The baby knew his step, and would hold out her hands to him and cry, "Milk!" and Brian would stoop down and kiss her, and his two great dogs lick her face.

"Have you any children, Mr. B - -?"

"Yes, five; but none like this."

"My little girl is greatly indebted to you for your kindness."

"She's welcome, or she would not get it. You are strangers; but I like you all. You look kind, and I would like to know more about you."

Moodie shook hands with the old hunter, and assured him that we should always be glad to see him. After this invitation, Brian became a frequent guest. He would sit and listen with delight to Moodie while he described to him elephant-hunting at the Cape; grasping his rifle in a determined manner, and whistling an encouraging air to his dogs. I asked him one evening what made him so fond of hunting.
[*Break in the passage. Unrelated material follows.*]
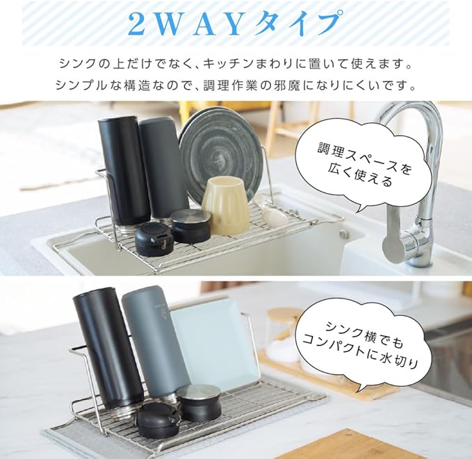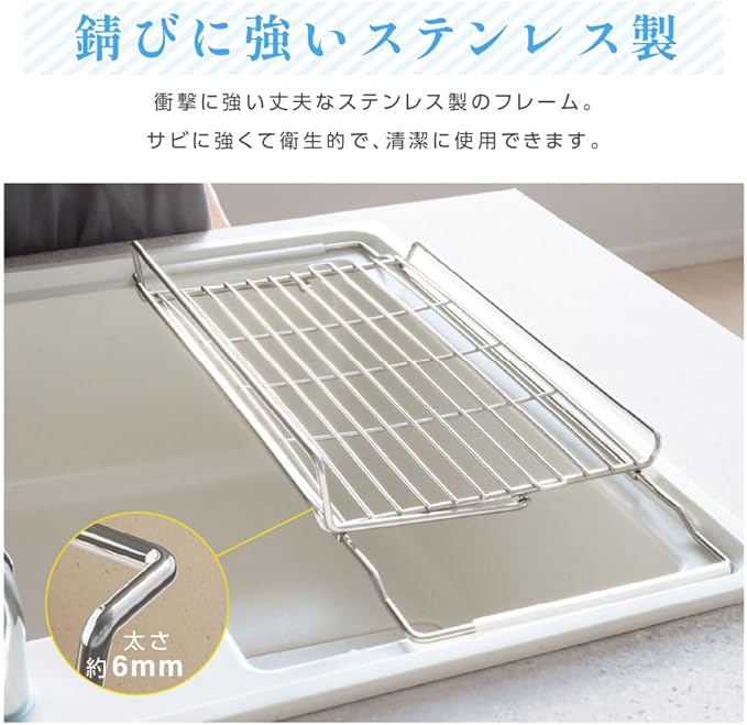 【高耐久ステンレスで錆びにくい】防水・錆びに強い高品質ステンレス素材を採用し、油汚れや水蒸気の影響を受けにくい耐蝕性を実現。変形や破損の心配がなく、長く愛用できる丈夫で耐久性の高い水切りラックです。

"'Tis the excitement," he said; "it drowns thought, and I love to be alone. I am sorry for the creatures, too, for they are free and happy; yet I am led by an instinct I cannot restrain to kill them. Sometimes the sight of their dying agonies recalls painful feelings; and then I lay aside the gun, and do not hunt for days. But 'tis fine to be alone with God in the great woods - to watch the sunbeams stealing through the thick branches, the blue sky breaking in upon you in patches, and to know that all is bright and shiny above you, in spite of the gloom that surrounds you."

After a long pause, he continued, with much solemn feeling in his look and tone -

"I lived a life of folly for years, for I was respectably born and educated, and had seen something of the world, perhaps more than was good, before I left home for the woods; and from the teaching I had received from kind relatives and parents I should have known how to have conducted myself better.